Loyalists expected to hold off on Dublin rally
Loyalists appear to have decided not to go ahead with a rally in Dublin on Saturday which was to be held in tandem with the protests in the North over restrictions on flying the British union flag over Belfast City Hall. About 150 loyalists were planning to demonstrate outside Leinster House at noon.
Unionist campaigner William Frazer said yesterday there had been “very constructive” communication with the Garda and that his group would “now be travelling down on a date in the near future to discuss our many concerns around IRA collusion and many other issues”.
Mr Frazer added: “I also wish to go on record as welcoming the recognition of the Garda Síochána as to our right to peaceful protest in Dublin and the accommodating measures they were putting in place for us, the protesters and concerned citizens of Ulster.”
The Garda press office confirmed that senior Garda management were in communication with a representative of Mr Frazer yesterday. “These discussions were both positive and constructive.”
Mr Frazer was one of the leaders of the so-called Love Ulster rally in Dublin in February 2006, which degenerated into serious rioting in the city by protesters opposing it.
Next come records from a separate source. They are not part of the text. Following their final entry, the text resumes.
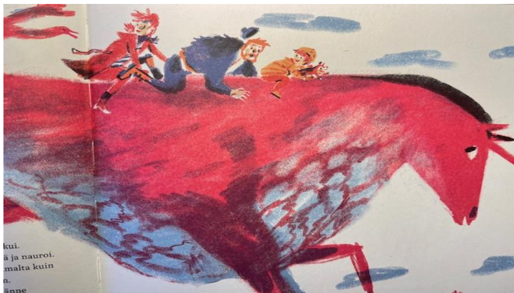
Kuva 15. Yksisarvinen on kesytetty

mikä sinä oikeasti olet! Yksisarvinen pysähtyi ja katseli isää ja äitiä. Sitten se asteli hitaasti lähemmäs ja laskeutui makaamaan heidän eteensä.”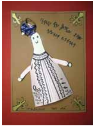
παιδί και παιχνίδι στην αρχαία Ελλάδα - Δ2- 13 Δ.Σ. Ιλίου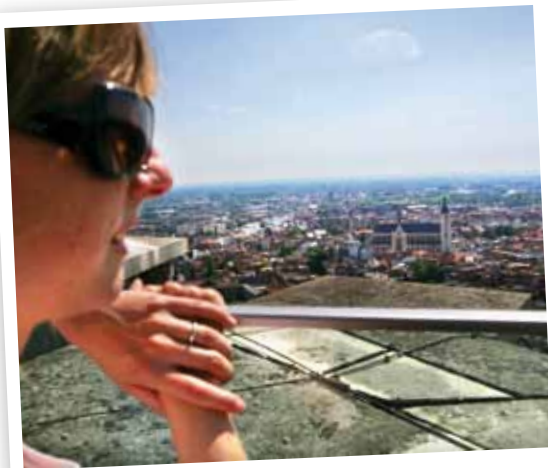
Beklim de toren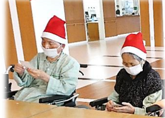
サンタ帽が似合っています♪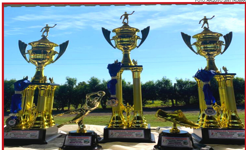
Prêmios foram entregues às equipes e jogadores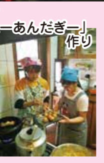
民泊先で「ぎーたーあんだぎー」作り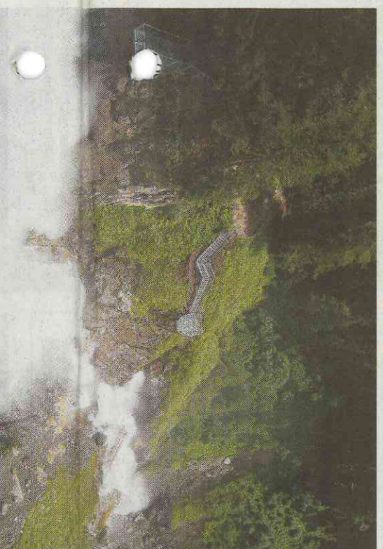
Der imposante Stuibenthal.

formationszentrum erklärt uns, was es bedeutet, das ganze Ötztal auf einer Karte zu haben: «Ihr könnt den Aqua Dome besuchen, die grösste Therme Tirols, und den Stuibenthal, Tirols höchsten Wasserfall. Die Bergbahnen zu den Ötztaler Gipfeln, die öffentlichen Verkehrsmittel, selbstverständlich alle kulturellen Einrichtungen stehen Euch auch offen. Toll, dass Ihr zwei Wochen bei uns bleibt. Da empfehle ich Euch die 10-er Tageskarte, für Erwachsene kostet sie 77 Euro, für Kinder 36 Euro.»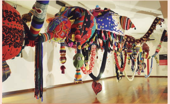
Nisa - Instalação da Valquíria Enxoval - Visitas gratuitas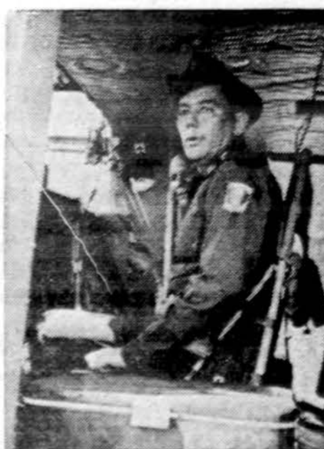
Panamos diktatorius Torrijos, griežtai reikalaujantis Amerikos pasitraukimo iš kanalo

„Chicago Daily News“ rašo, jog Prancūzijoje pradama baimintis, kad vokiečiai labai slaptai galėtų pasigaminti atominių bombų Brazilijoje. Taikos sutarty po II pasaulinio karo Vakarų Vokietijai atominių ginklų turėti uždrausta.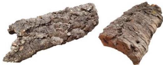
50501 VE 10 | 50 Korkplatte Gr. M ca. 10-25 x 30-55cm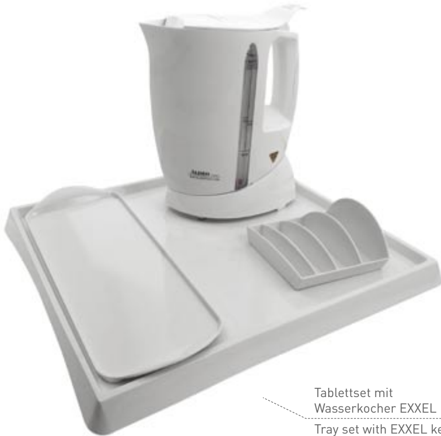
Tablettsset mit Wasserkocher EXXEL

Among the current group’s demands are that the Tricolour be lowered from Leinster House. Mr Frazer admitted, however, that there was a “tongue in cheek” element to the demand. “I would expect the Irish people to say, ‘who do they think they are telling us to get the flag down?’ But that’s what happening with us here in Northern Ireland,” he said.
Meanwhile, the first meeting of the Unionist Forum is being held at Parliament Buildings, Stormont today. It was formed by First Minister Peter Robinson and Ulster Unionist Party leader Mike Nesbitt to positively redirect loyalist anger over the flags issue.
All unionist parties including the Progressive Unionist Party, which is linked to the UVF and some of whose members were involved in the flag disturbances, were invited to today’s meeting. The forum is to tackle issues such as flags, parading, deprivation and educational underachievement in the unionist community, strengthening British cultural identity, and persuading more unionists to vote.
Meanwhile, Northern Secretary Theresa Villiers, in a speech to the University of Ulster in Belfast last night, moved to provide some reassurance. “To those who are worried that their Britishness is being eroded – I’d say that Northern Ireland’s position within the UK is arguably more secure than it has been for decades,” she said.